His grin widened to disgusting dimensions. “What to do, Daventry, what to do?”

“I’ll want your solemn word as a gentleman,” Banning said, hating himself for bowing to the man’s demands but unable to cut Prudence off from funds that rightfully should be hers. “Now, this morning, before I take my leave of this hellhole.”

“Of course, Daventry. You have it,” MacAfee said soothingly as Hatcher appeared, carrying a large jug of some vile-smelling elixir and a single glass. “A small quarterly pittance now against a fortune in the future. It seems fair. Care for a sip? ’Course, I’d recommend unbuttoning your breeches first, as it works quickly.”

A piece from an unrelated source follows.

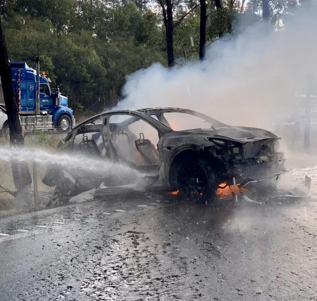 Emergency services shut down the Pacific Highway near Rainbow Flat in Australia at about 2.30pm on Friday afternoon after a Tesla Model Y crashed south of Taree and was on fire.

Unable to resist impulse any longer, Banning snatched the pitcher from the servant’s hand and dumped its contents over MacAfee’s plucked pate.

Three hours later, her pitifully small satchel of personal belongings tucked up with the luggage, Prudence, wearing her best pair of breeches, climbed into Banning’s traveling coach behind a pinch-lipped Miss Prentice, without so much as turning about for one last look at her childhood home.